And eitherway, we'll be finding redirects and canonical IDs for all IDs, so we can check the few remaining outliers manually to see what we're missing
mayhem
First mention of Blockchain and NFTs. Sigh
lucifer
alastairp: 2 catches which probably don't matter but fyi, 1) standalone recordings - no canonical table has that but those are a small proportion anyway. 2) there will always be some canonical recording data in canonical_musicbrainz_data for every canonical mbid but the canonical mbids in themselves are not stable across runs. generating that twice will probably yield different results each time.
mayhem
Huh. 70% of bandcamp users are looking for new music. A stark contrast to the rest industry.
monkey
Indeed
alastairp
lucifer: I think we found that the proportion of standalone recordings in mlhd was small enough that we can probably ignore them for this? I think it'll be fine
lucifer: the non-stable across runs is because we might have 2 things with all the same fields, and so there is no explicit order?
lucifer
yes to both.
alastairp
I think that's OK - perhaps if possible we should add a tie breaker on recording.gid or recording.id anyway to make it stable, but perhaps not a huge issue either
lucifer
the difference is in medium or track number which our ordering does not consider.
makes sense
alastairp
just some thinking out loud - I think it makes sense that if we declare something as "canonical", then over multiple runs that should stay stable. I don't mind if something becomes "more canonical" based on more data being added to the mb database, that's kinda normal
agatzk has quit
agatzk joined the channel
atj
mayhem: 99% sure the address on the wiki for AirBNB #1 is incorrect and the address on the booking page is correct.

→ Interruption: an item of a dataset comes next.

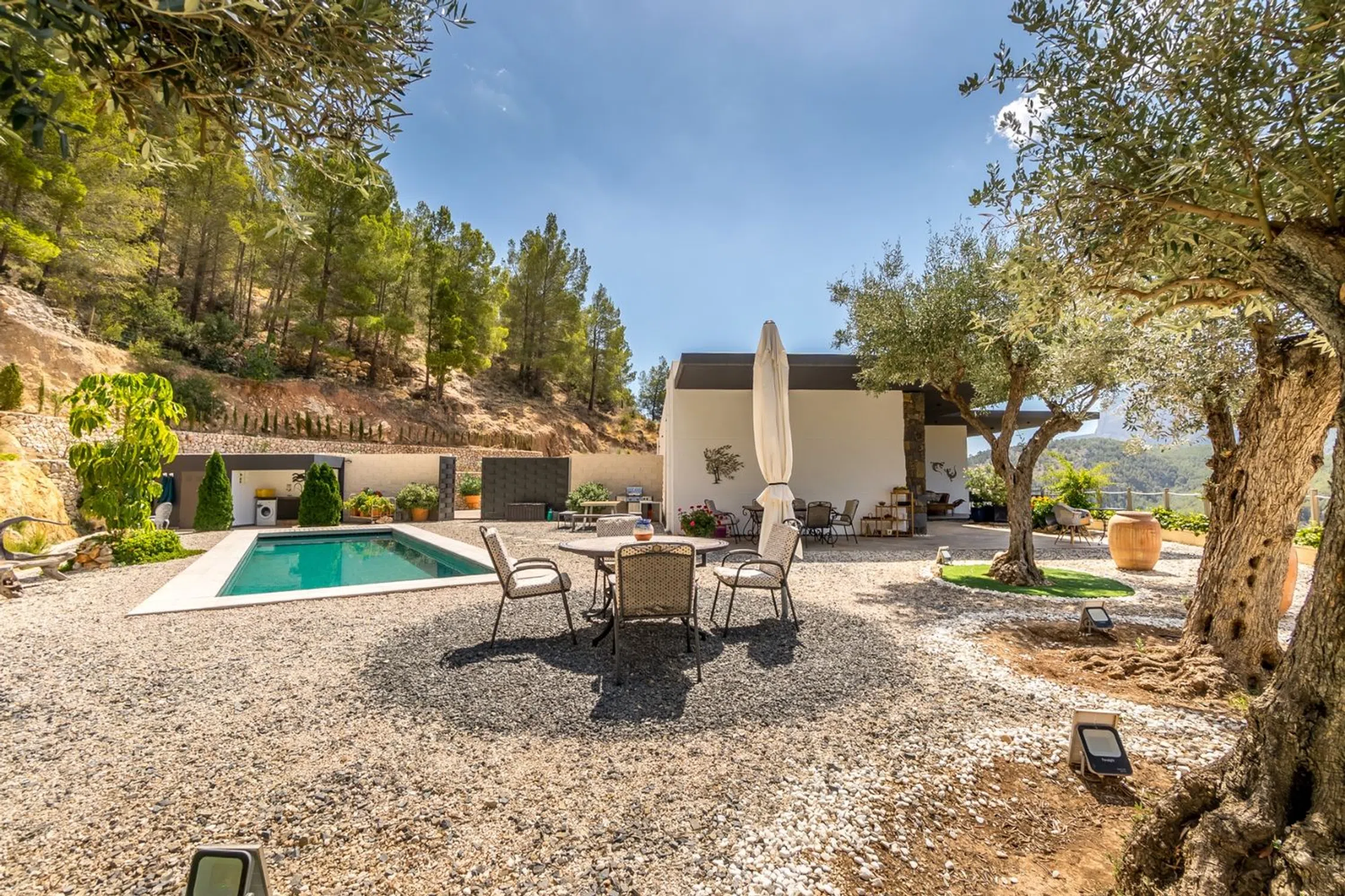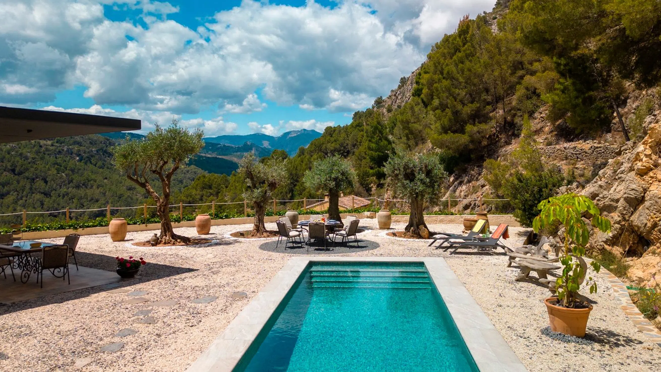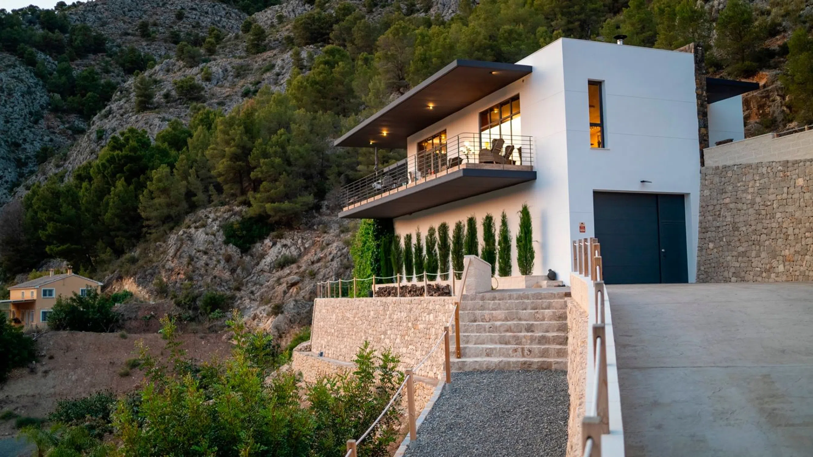 Chalet excepcional en venta en el entorno natural protegido del Valle de Guadalest, un enclave único que regala impresionantes panorámicas a las montañas y al bosque. Aunque administrativamente pertenece a Callosa, en el límite con Guadalest, su silueta destaca en el pintoresco valle. No es un detalle menor, sino un matiz que realza su grandeza. Como bien afirma su propietario: “Quien busca una casa como esta, busca superlativos, no alternativas”.La propiedad se alza sobre una parcela de 13.319 m² cuidadosamente diseñada para un mantenimiento sencillo, con muros de piedra, iluminación ambiental, zonas ajardinadas, árboles frutales y espacios pavimentados. El acceso es directo desde la carretera principal que conecta Callosa con Guadalest, a la entrada del pueblo, mediante una puerta automática compartida con un único vecino. Se trata de una vía tranquila, utilizada casi en exclusiva por residentes, ciclistas o amantes de la conducción panorámica.En el nivel inferior encontramos un amplio garaje de 220 m² con techos de 3,9 m de altura, donde están instalados el sistema de filtrado de aguas residuales y el moderno equipamiento solar con baterías. Hay capacidad para 4 a 6 vehículos y, además, el espacio ofrece múltiples posibilidades: podría transformarse en un apartamento independiente con 1 a 3 dormitorios adicionales, baños y cocina, ya que todas las preinstalaciones están preparadas. La pared suroeste está lista para abrir grandes ventanales y convertirlo en un nivel habitable con vistas espectaculares, incluso con la opción de instalar escalera o ascensor que comunique directamente con la planta principal.La planta principal, con una superficie de 220 m², alberga 3 dormitorios y 2 baños. Destacan las terrazas perimetrales, especialmente la terraza frontal de 3,3 m de vuelo, una auténtica obra de ingeniería desde donde se contemplan montañas infinitas en una paleta de verdes, hasta alcanzar el icónico pueblo de Guadalest. Un escenario que sorprende de día y embruja de noche, en un entorno de silencio absoluto, ideal para quienes buscan desconexión total sin renunciar a la cercanía de los servicios cotidianos.La orientación suroeste, protegida por la montaña a sus espaldas, asegura un microclima estable y libre de los fuertes vientos que suelen afectar a otras viviendas en altura.En la parcela, rodeada de privacidad absoluta, se encuentra una piscina de agua salada de 30 m², equipada con cubierta y sistema electrolítico de calefacción, lo que permite disfrutar de agua templada durante gran parte del año. Junto a ella, una cocina exterior cubierta, lavadero y ducha al aire libre. En la parte trasera hay espacio para más de 10 vehículos, además de diferentes rincones, sombreados o soleados, que invitan a relajarse y disfrutar de las vistas únicas del valle.En definitiva, esta propiedad no solo es una vivienda: es un refugio exclusivo en plena naturaleza, pensado para quienes buscan lo extraordinario.

one of the reviews mentions that a restaurant called Xines Nord is across the street, which tallies with the address on the booking page.
mayhem
Yes, that is finally clear. Please update the wiki.
ansh: i can look into it in some time but on a very quick scan you probably want at least one of the histograms in do update to be excluded.histogram
remeber that the new data will be in excluded.histogram and old one in just histogram.
ansh
Oh understood. But i am getting this error in line 11 of this paste. "VALUES ('42ca4d72-41cd-4874-aedf-8ff6bb2c18d2', 'release_group', 80, 1, jsonb_set(histogram, '1' , (COALESCE(histogram->>'2','0')::int + 1)::text::jsonb))"
ah right. you cannot use the columns of a table in values clause like that.
ansh
I think it is because since I am adding a new row, there is no previous value to update, so therefore the error .
lucifer
just always insert a new histogram in values and let do update handle the case of existing rows
ansh
okay, I'll try that
lucifer
if you really need the old row in values, we can use a cte to get that row before insert but so far i dont think ot should be needed.
ansh
Can we set the value for this column from the default value `{"1" : 0, "2" : 0, "3" : 0, "4" : 0, "5" : 0}` to `{"1" : 0, "2" : 1, "3" : 0, "4" : 0, "5" : 0}`?
while adding a new row without conflict ?
lucifer
sure instead of using histogram in values, hardcode the default.
ansh
No I mean, I have set the default to `{"1" : 0, "2" : 0, "3" : 0, "4" : 0, "5" : 0}`. Now whenever I add a new row, I can just update `2` to 1 ?
* the value of key "2" to 1
lucifer
ansh: iiuc you set this as the default value for the column in create table. in that case not sure but probably no cant do that. however you can directly put this value in jsonb_set call and that should work.
alastairp: I checked out what would happen if we straightup replace all artist_MBIDs and release_MBIDs from MLHD with the ones we fetch based upon cleaned recording_MBIDs. Here's the results:
% Coverage of recording MBIDs: w/ MLHD: 0.87
% Coverage of recording MBIDs: w/ cleaned recording_MBID: 0.97
% Coverage of release MBIDs: w/ MLHD: 0.87
% Coverage of release MBIDs: w/ cleaned recording_MBID: 0.79